Haptic technology – used to communicate through a user’s sense of touch – has already found its way into mobile devices, says Ed Colgate, head of haptics at Northwestern University in Evanston, Illinois.
These devices tend to be quite basic, however, creating clicking sensations by vibrating the screen or even the entire device. A more sophisticated approach involves vibrating the screen in and out at ultrasonic frequencies, says Colgate. This means the amount of contact between the finger and the screen can be controlled and textures and edges can both be simulated by adjusting this friction, he says.
The problem in these systems is that to get the desired effect your skin has to be moving over the surface. It won’t work if it’s stationary. Colgate’s solution was to superimpose lateral oscillations perpendicular to the vertical ones. “We discovered that if our lateral vibration was at the same frequency as the ultrasonic vibration then you could push the finger,” he says.

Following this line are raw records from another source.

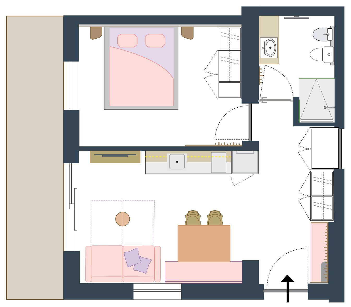 Die Ferienwohnung besteht aus einem Badezimmer (Dusche, WC und Bidet), einem getrennten Schlafzimmer mit Doppelbett und einer offenen Wohnküche, bei der sich Wohnzimmer, Essbereich und Küche einen Raum teilen.
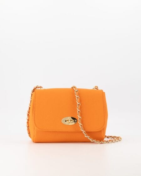 Tas molly oranje , tas heeft een gevlochten ketting met goudkleurige hardware.
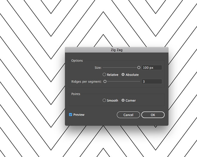 Включите опцию Preview/Просмотр и выберите такое количество шагов, чтобы вертикальные линии попадали в пики зигзагов. У нас получилось 19.
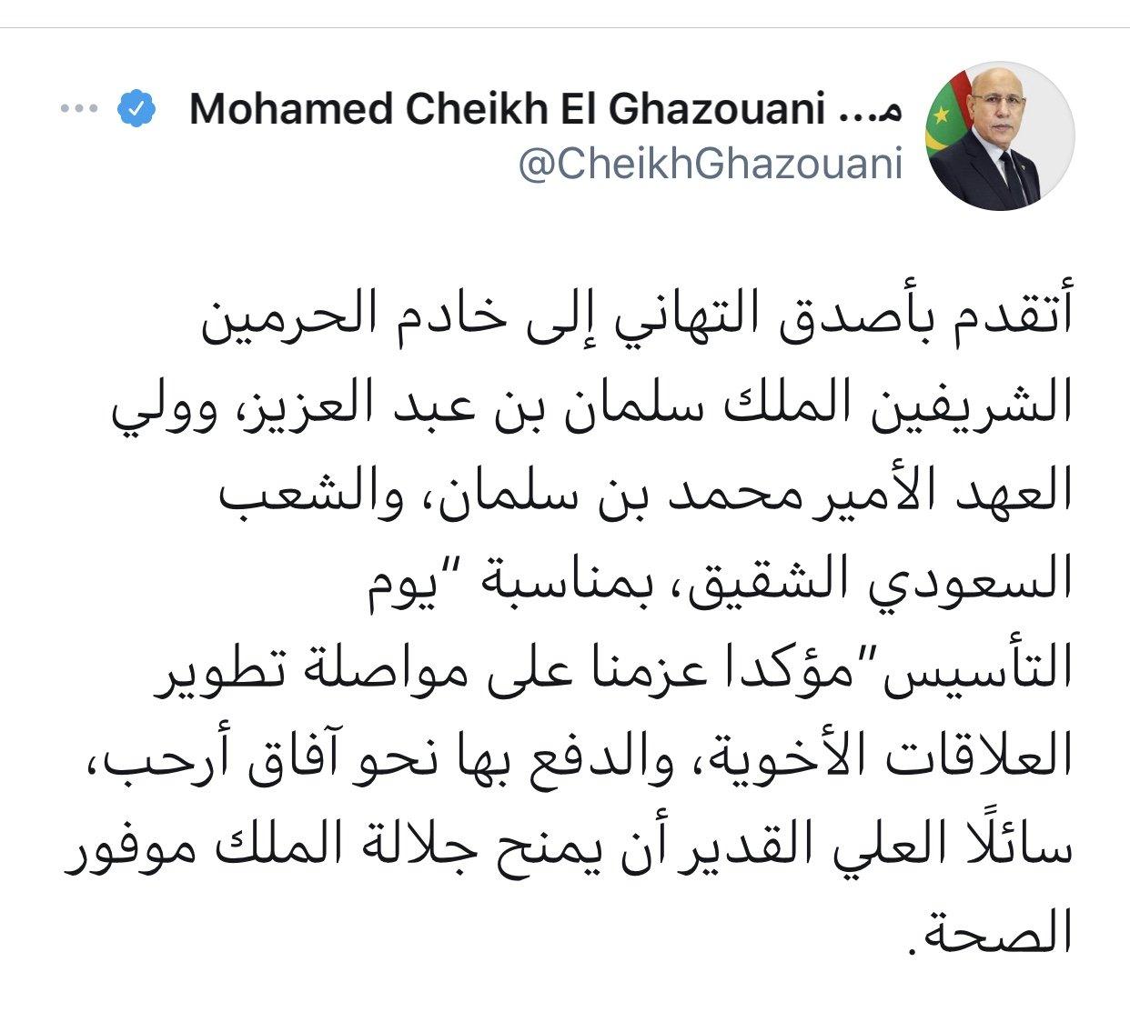 جاء ذلك في تغريدة له قبل قليل تقدم فيها “بأصدق التهاني إلى خادم الحرمين الشريفين الملك سلمان بن عبد العزيز، وولي العهد الأمير محمد بن سلمان، والشعب السعودي الشقيق، بمناسبة “يوم التأسيس”

The result, besides allowing different textures and sensations to be created, is that the finger can be gently pushed across the surface so that it is coaxed into a particular position. The vibrations can be so slight the user barely notices them, but they stretch skin receptors in the user’s finger in the same way as if they were touching something with depth, fooling the senses into believing the surface is not flat. To the user it can feel like they are touching an indent in the screen, like the “home” button on an iPhone, for example.
Although the effect is still quite weak, this kind of technology has the potential to influence future touchscreens, says Vincent Hayward at the Institute of Intelligent Systems and Robotics at the Pierre and Marie Curie University in Paris, France.
Hayward tried out Colgate’s prototype at the World Haptics Conference in Istanbul, Turkey, in June. “It feels like the surface is coming to life under your fingers,” says Hayward. “And it creates the effect without having to move your finger.” This is particularly useful in a small, cluttered screen, he says.
At the moment the prototype merely creates the effect on a piece of glass, vibrating it at 22 kilohertz with an amplitude of less than a micrometre. “But there’s no reason why we can’t make it work in a touchscreen,” Hayward says.